* _Data below_:
────

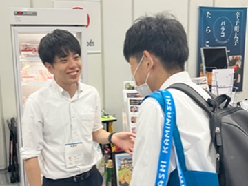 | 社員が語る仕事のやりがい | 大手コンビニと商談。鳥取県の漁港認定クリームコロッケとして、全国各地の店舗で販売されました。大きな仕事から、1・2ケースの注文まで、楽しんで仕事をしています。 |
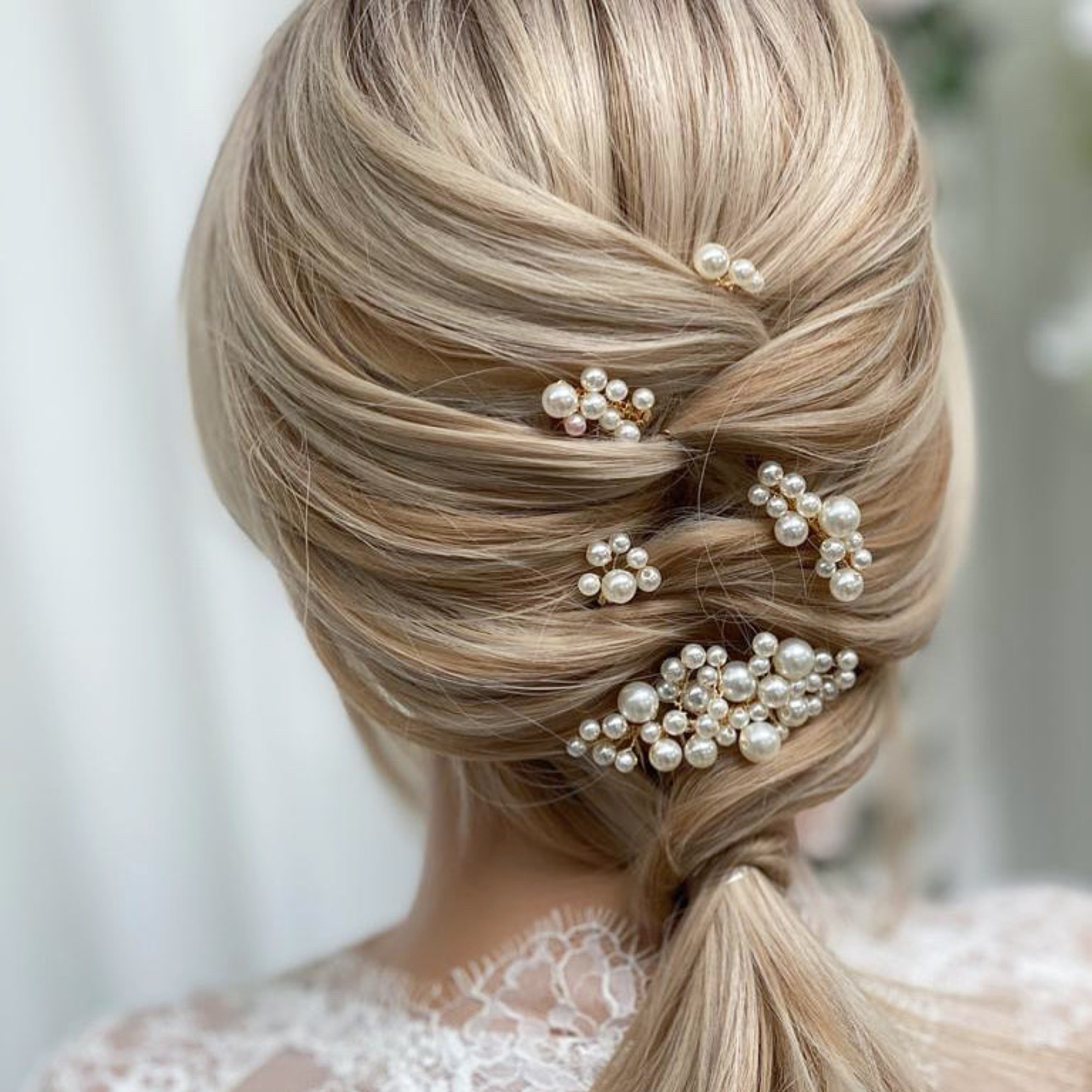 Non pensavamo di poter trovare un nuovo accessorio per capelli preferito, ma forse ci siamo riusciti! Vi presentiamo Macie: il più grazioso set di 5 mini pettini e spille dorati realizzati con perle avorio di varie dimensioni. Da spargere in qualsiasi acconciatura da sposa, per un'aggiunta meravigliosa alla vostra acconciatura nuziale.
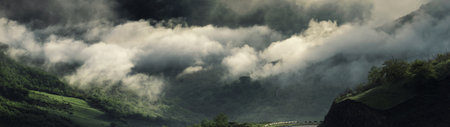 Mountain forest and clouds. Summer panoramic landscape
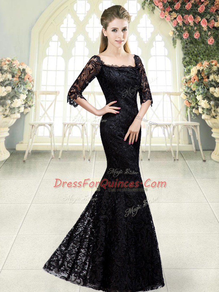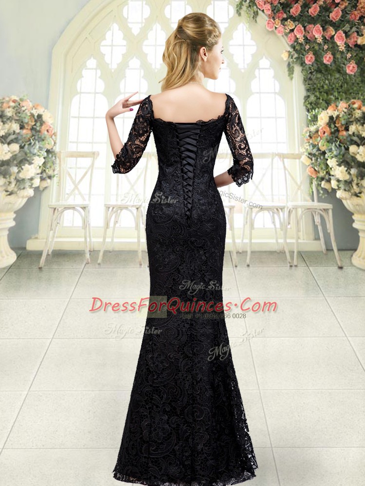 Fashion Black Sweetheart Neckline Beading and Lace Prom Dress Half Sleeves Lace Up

────

* _Work to complete_: Every line from the one containing "Non pensavamo di" to the last line of the material must be returned exactly. Leave out any pictures.

* _Solution to the problem_:
 Non pensavamo di poter trovare un nuovo accessorio per capelli preferito, ma forse ci siamo riusciti! Vi presentiamo Macie: il più grazioso set di 5 mini pettini e spille dorati realizzati con perle avorio di varie dimensioni. Da spargere in qualsiasi acconciatura da sposa, per un'aggiunta meravigliosa alla vostra acconciatura nuziale.
 Mountain forest and clouds. Summer panoramic landscape
 Fashion Black Sweetheart Neckline Beading and Lace Prom Dress Half Sleeves Lace Up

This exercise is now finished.